Listen to a guy with credentials even a crazed right-winger couldn't deny
-- and who's now come to his senses. Stiglitz
about the entire World Bank-IMF-structural adjustment program paradigm:
[T]heir hospital is one
where people get sicker. We saw in East Asia, Latin America, Russia and Africa
how they made things worse. Unequivocally.
A hospital where people get sicker.
In other words, a right-wing hospital.
Any right-wing proposal that purports to solve a social justice problem,
will inevitably make the problem worse.
So there you have it!
Sweetheart, exploitative natural
resource deals with multinationals, together with unfair international trade
rules, ensure that Third World nations make very little money.
Fraudulent loans are made to right-wing dictators who use the money for
political and personal financial gain, but which the poor majority must repay.
The need to repay these loans makes these nations even more desperate for
additional funding. The structural
adjustment programs that are imposed by the IMF and World Bank as a condition
for additional loans, increase human misery, suffering, pain and death.
Do you know who George Kennan was?
He was one of the foremost designers of US foreign policy in the post
World War II period.
We have about 60 per cent
of the world's wealth but only 6.3 per cent of its population. Our real task in
the coming period [will be] to maintain this position of disparity…
The four pillars I've described to
you are simply the means the right-wingers in the West use to "maintain
this position of disparity."
And succeeding they are.
All this pillage of the Third World
-- which of course dates back to colonial times -- means that today, a mere 25%
of the earth's population receives
75% of the income.
As if matters weren't bad enough, the
situation is getting worse and worse: the income gap between the richest people
in the world and the poorest massively increased
in the last decades of the 20th Century.
So what about Barack Obama?
Where does he fit in here?
He's probably nowhere near where a
true progressive in the foreign policy field would be.
He's a mixed bag.
Many so-called liberals are too
comfortable with the exploit-the-Third World economic paradigm.

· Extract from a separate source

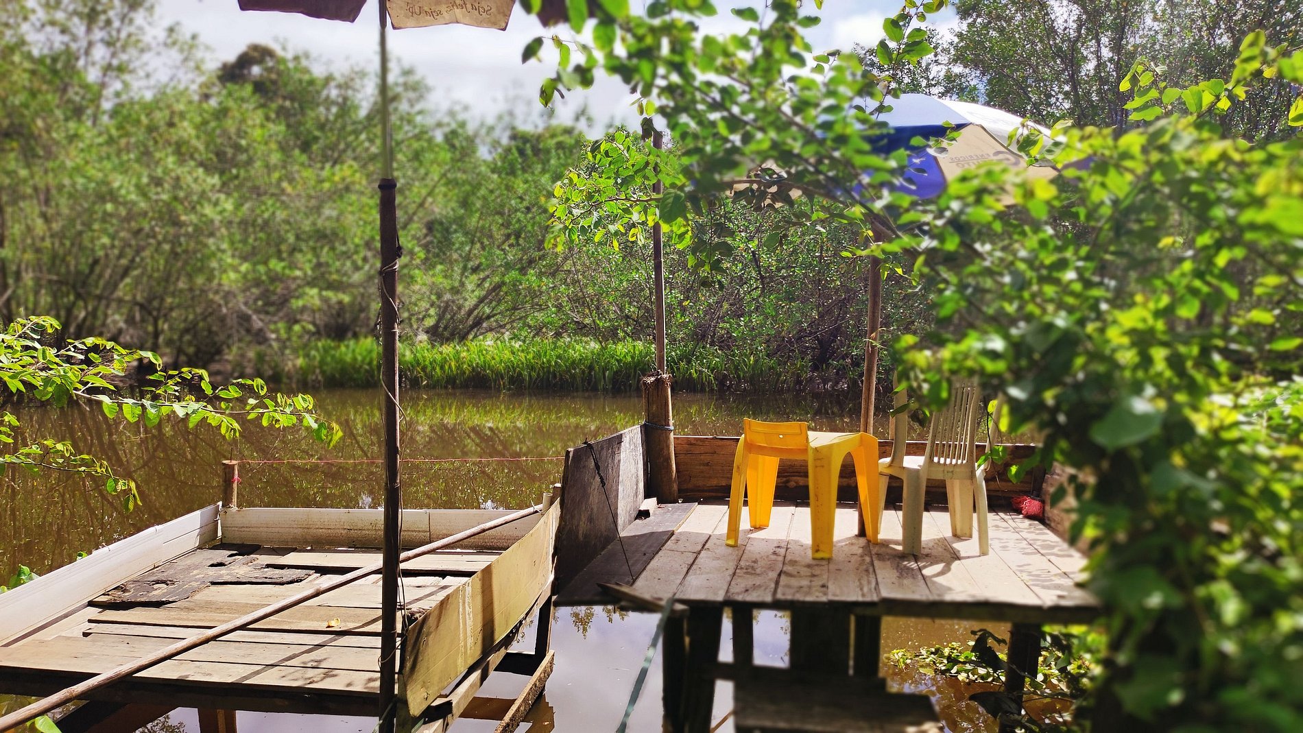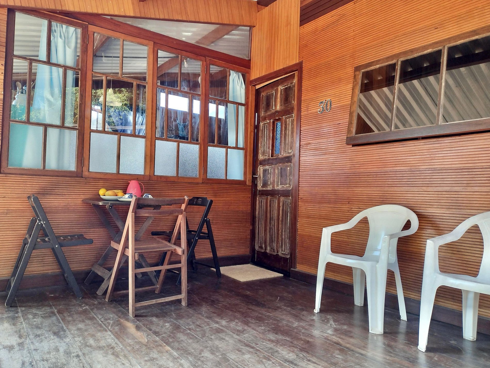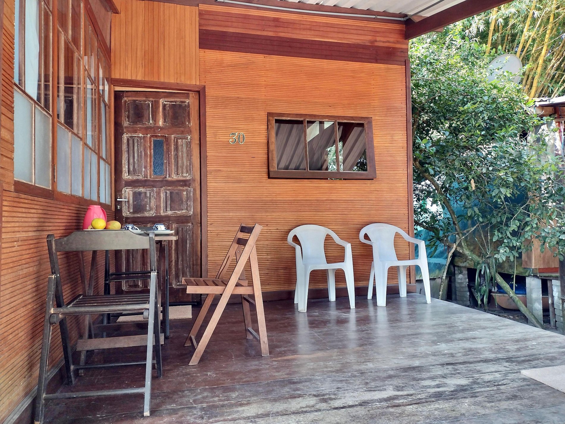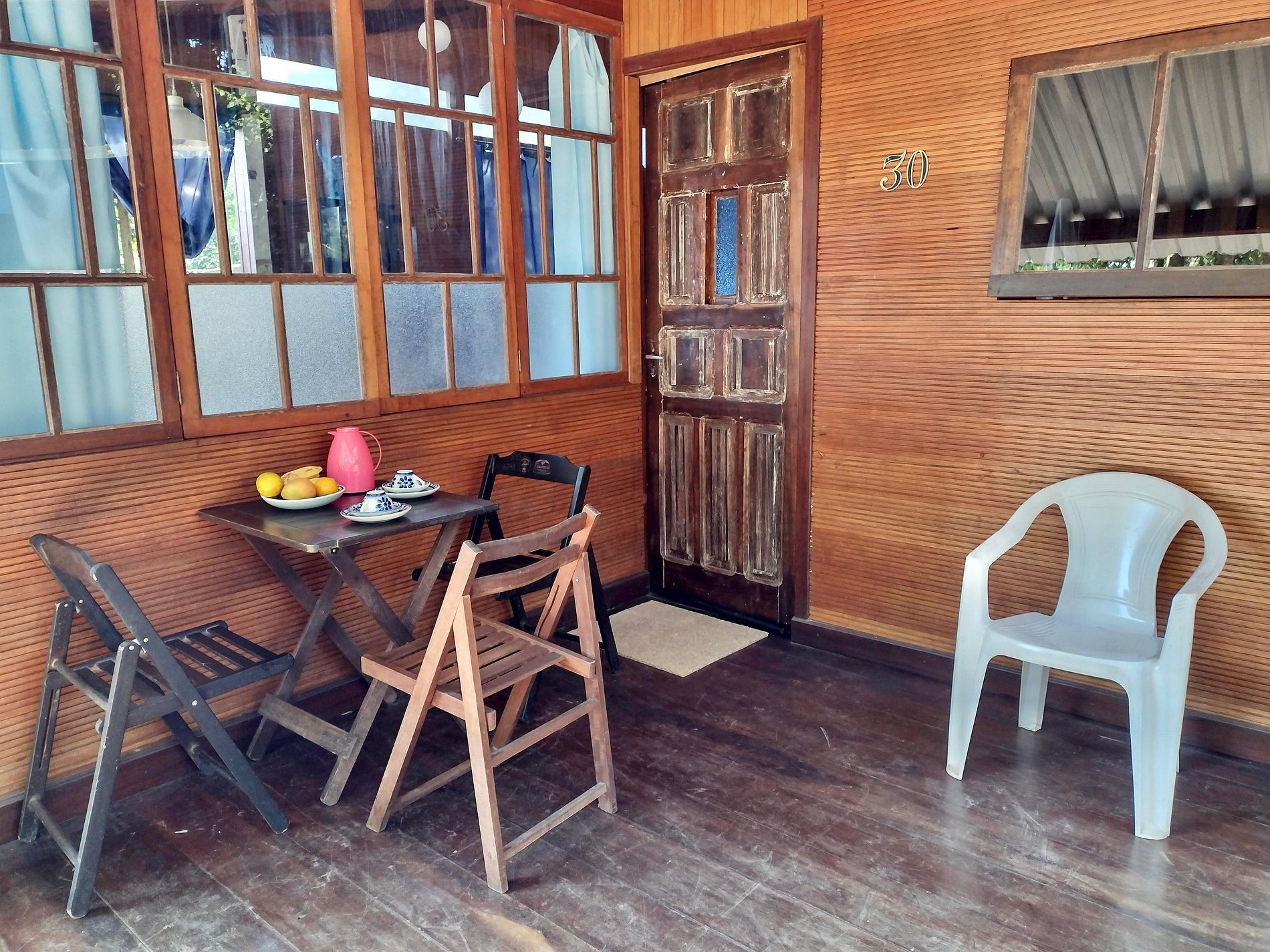 Varanda: com mesa, cadeiras e churrasqueira portátil, cadeiras de praia e guarda sol.

Admittedly, though, nowhere near as
bad as neocons and other right-wingers.
But still, appropriate pressure will
need to be applied to Obama and his
foreign policy team.
Obama would do well to heed -- in
fact, you and I and everyone would do well to heed -- these words of Martin
Luther King, Jr. He spoke them in
his famous Beyond
Vietnam speech on April 4, 1967. That
was precisely one year to the day before he was assassinated:
audio: Martin Luther King,
In 1957 a sensitive
American official overseas said that it seemed to him that our nation was on the
wrong side of a world revolution…
Increasingly, by choice or
by accident, this is the role our nation has taken, the role of those who make
peaceful revolution impossible by refusing to give up the privileges and the
pleasures that come from the immense profits of overseas investments…
These are revolutionary
times. All over the globe men are revolting against old systems of exploitation
and oppression, and out of the wounds of a frail world, new systems of justice
and equality are being born. The shirtless and barefoot people of the land are
rising up as never before. The people who sat in darkness have seen a great
light. We in the West must support these revolutions.
I definitely support them. Do you?
If so, you and I can work together to
pressure Obama to do the right thing in this arena.